Ну и я – с криво обрезанным каре выше ушей. Алла смотрела прямо на клетку классиков, где белым мелом был нарисован кружок с торчащим плюсом посередине. Я перерисовала символ на оборотную сторону фотографии и жирно обвела контуры несколько раз.

За стеклом бежали электропровода, напоминая бесконечные струны гитары. В моих наушниках играла песня Михаила Бублика «Научи меня». Я не сразу заметила, что провод вставлен не туго и музыку слышу не только я одна, но и все, кто сидит в полупустом вагоне.

Подняв пальцы и не прикасаясь к стеклу, я начала делать вид, что перебираю струны гитары, извлекая звук, нашептывая слова:

Расскажи мне о звездах, что
Их не счесть.
Я хочу знать конкретно,
Что там над облаками.
Я хочу просто видеть мир как он есть,
Без надежды и фальши своими словами.
Научи меня видеть свет в облаках,
Обнаженный, кристальный и невероятный…

Позволив мне доиграть на проводах, поезд выплюнул меня на городской перрон Курского вокзала.

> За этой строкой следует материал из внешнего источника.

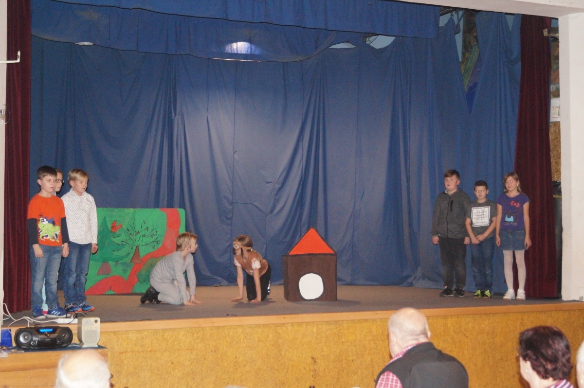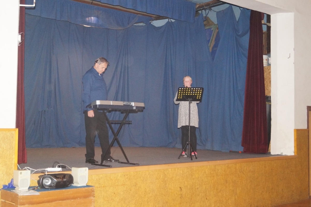 Ne jinak tomu bylo i letos. Sešli jsme se pár minut před 17. hodinou 24. listopadu u místní sokolovny a s patřičným napětím čekali, kdy na nás přijde řada. „Setkání s důchodci“ zahájil pan starosta s panem místostarostou – zhodnotili uplynulý rok, co se povedlo – a co je ještě potřeba dokončit, …a pak se už otevřela opona a .. naše vystoupení mohlo začít.

Конец лета. Жара. Гвалт. Месиво тел, акцентов, ароматы чебуреков, детские визги и слепящее солнце – все они запутались в моих распущенных прядях, проскользили по влажному лбу капельками пота. Это был настоящий ад с прилипшей к спине майкой и всеми одиннадцатью отдавленными пальцами ног.

Стараясь не пялиться по сторонам, не притормаживать у витрин, я плыла между разгоряченных тел к сливу перехода в метро, держась за буек-чемодан. Все, что успевала, – дышать. И пахла Москва креозотом – токсичным веществом, которым обрабатывают рельсы, но который стойко ассоциируется с романтикой встреч и грустью проводов.

Перрон вокзала, перрон метро… я втиснулась в электричку, проклиная рвение сэкономить полторы тысячи на такси. В Ни-Но мы на такси не ездим. Я бо́льшую часть времени хожу по городу пешком. Все близко. Все рядом. Мне до центра двадцать минут идти от Ковалихенской, а на самокате ехать семь.

Через два часа я опрокинула чемодан набок и села сверху, как ребенок на лошадку. Совсем вечер. Почти десять. Два часа! Я ехала на метро и электричке два часа. Кошмар! Это не город, а какая-то бесконечная окружность круглых кольцевых, о которые я стесала колесики багажа.

Я смотрела в небо, обмахиваясь рекламой местной пирожковой.

В августе небо густеет цветом просроченных чернил. Небольшой дождь или быстрая гроза могут разбавить кляксу, сделав края мягче. И тогда появятся дымчатые островки пятен, сквозь которые подмигивают звездные глаза. Досчитав до шестого, я достала из рюкзака телефон. От незнакомого номера три сообщения. И одно от папы.